It's not a surprise that Warren Buffett, who many consider to be the greatest investor ever, is watched closely by most stock market participants. Investors comb over Berkshire Hathaway's (NYSE: BRK.A) (NYSE: BRK.B) quarterly 13-F filings to see what changes were made to the portfolio. The hope is to find a new winning stock idea. 

As of Dec. 31, 2022, the portfolio of Buffett's conglomerate is concentrated at the top in five well-known names: Apple, Bank of America, Chevron, Coca-Cola, and American Express. These get a lot of the attention. But the one company I have my eye on only constituted 0.4% of the portfolio at the end of last year. 

To be clear, Buffett's Berkshire Hathaway owns a lot of stocks, but here's why I'm most excited about Mastercard (MA 0.07%).  

Mastercard operates a first-class business model 

Many financial services businesses are dealing with a new reality that's far removed from what they've experienced for most of the past decade. These days, higher interest rates are normal, and many banks will see higher defaults and tighter borrowing standards. Mastercard is immune to all of this. Since it doesn't lend money, it isn't exposed to credit risk or interest rate risk. This is advantageous, as Mastercard isn't as cyclical as traditional banks.  

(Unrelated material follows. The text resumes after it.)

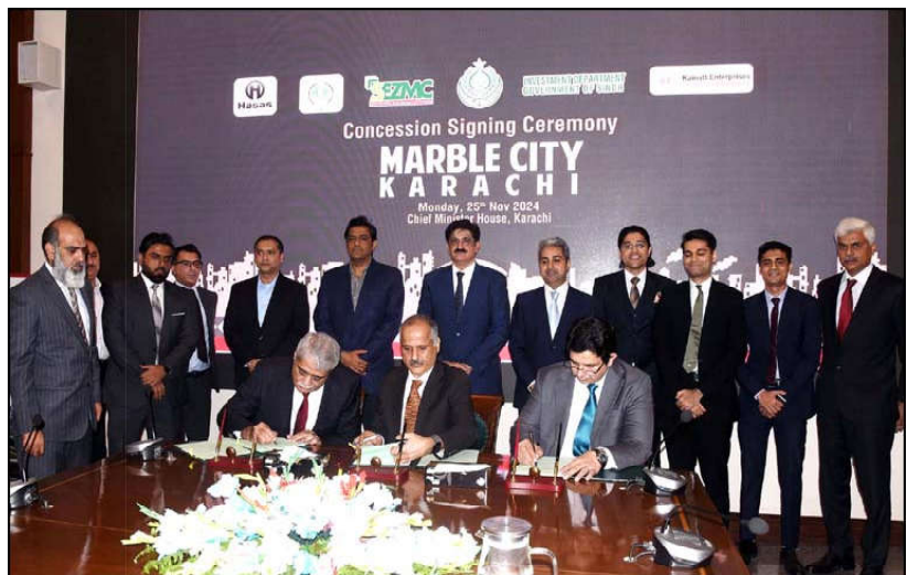
KARACHI: Sindh Chief Minister, Syed Murad Ali Shah along with others witness the signing ceremony of the Concession agreement between Sindh Government and private partners Kainatt Enterprises and Hassan Constructions for the development of Marble City, at CM House in Karachi..

(SEZMC), is strategically located in Karachi, Pakistan's primary trade and industrial hub. Special Assistant to CM on Investment Syed Qasim Naveed briefing the CM said that with its proximity to the Port of Karachi, Jinnah International Airport, and key national highways, Marble City Karachi promises unmatched connectivity for businesses targeting both domestic and international markets. He added that the project boasts modern infrastructure, utilities, and robust security, including 24/7 surveillance, secure perimeters, and comprehensive emergency management systems, ensuring a safe and productive environment for investors and workers alike.
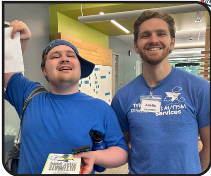
Building Abilities Day Program

I've written before about the specifics of Mastercard's business model. But what I want to reiterate is that this is really just a communications platform that connects the various parties of a transaction, collecting a fee every time one of its cards is swiped. This lucrative operating model leads to incredibly high net income margins, which have averaged 40% over the past 10 years. 

Even more exciting for shareholders, this business is a natural hedge against the high inflation we've been seeing for nearly two years now. If customers have to pay more for basic items like food or gas, or even for discretionary purchases like a new pair of shoes or home furnishings, and if they use their Mastercard, the company will benefit by generating greater fees. 

2022 was a solid year for the company. Mastercard's net revenue of $22.2 billion and diluted earnings per share (EPS) of $10.22 were up 17.8% and 16.7%, respectively, year over year. And more recently, as travel demand remains quite strong, Mastercard's cross-border volume fees jumped 30% in the fourth quarter, momentum that carried over through the month of January. 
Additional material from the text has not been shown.